To do so, we pass as arguments to the function `prepare_data()` a vector of entry times and a vector of exit times over the $t$ axis, rather than the vector of entry times $u$.
From the image plot of the exposure times, we can see how the data are only present in the lower half-plane where $t \ge s$.

```{r}
dt2tsLex <- prepare_data(data = reccolon2ts,
                         t_in = "timer",
                         t_out = "timedc",
                         s_out = "timesr",
                         events = "status",
                         ds = 30, dt = 30)
fields::image.plot(dt2tsLex$bins$midt, 
                   dt2tsLex$bins$mids,
                   dt2tsLex$bindata$R,
                   main = "Exposure",
                   xlab = "time since randomization",
                   ylab = "time since recurrence",
                   col = c("white", rev(viridis::plasma(20))))
abline(a=0,b=1)
box()
```

![](../man/figures/twotimes/prep-data-Lexis-1.png)

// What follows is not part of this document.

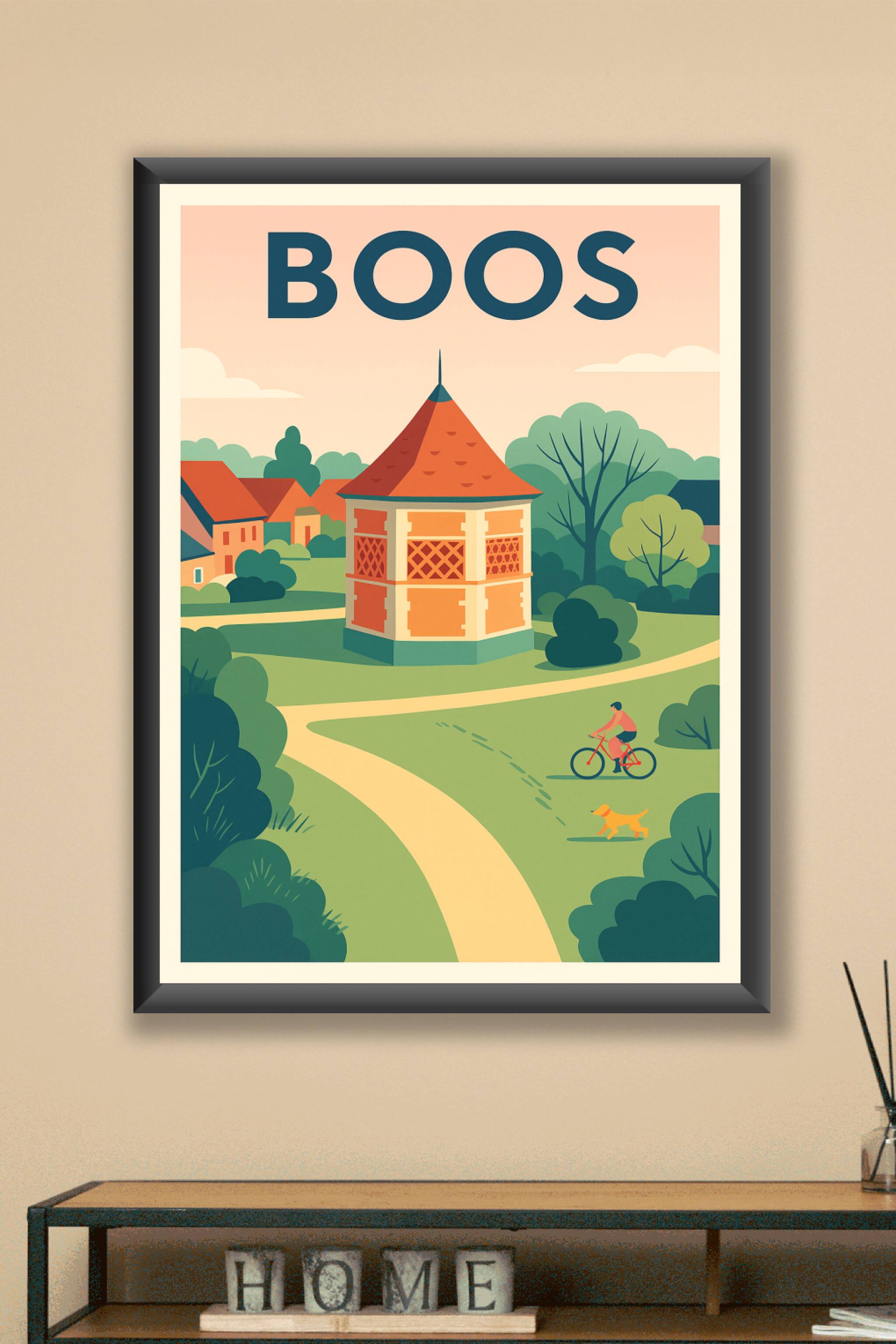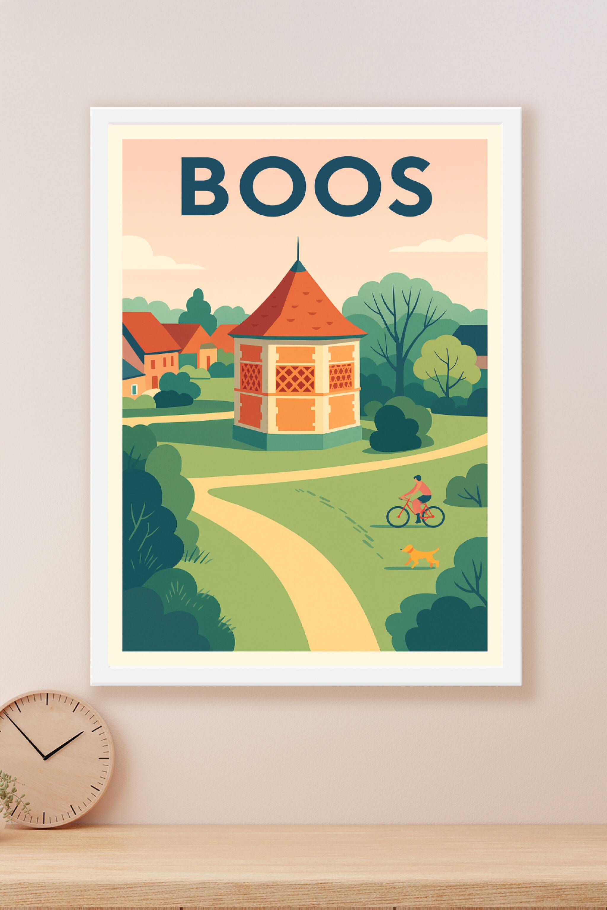 Découvrez l'ambiance paisible et bucolique de Boos avec cette affiche illustrée au style vintage et chaleureux. Au cœur de la campagne verdoyante, ...

Note: estimation over the $(t,s)$-plane with the same model is theoretically possible, but special care is needed to deal with the larger areas without data support (especially those where $t < s$).
Comparison with the estimation over the $(u,s)$-plane is currently under investigation.
A future version of the package will include options for estimation over the $(t,s)$-plane.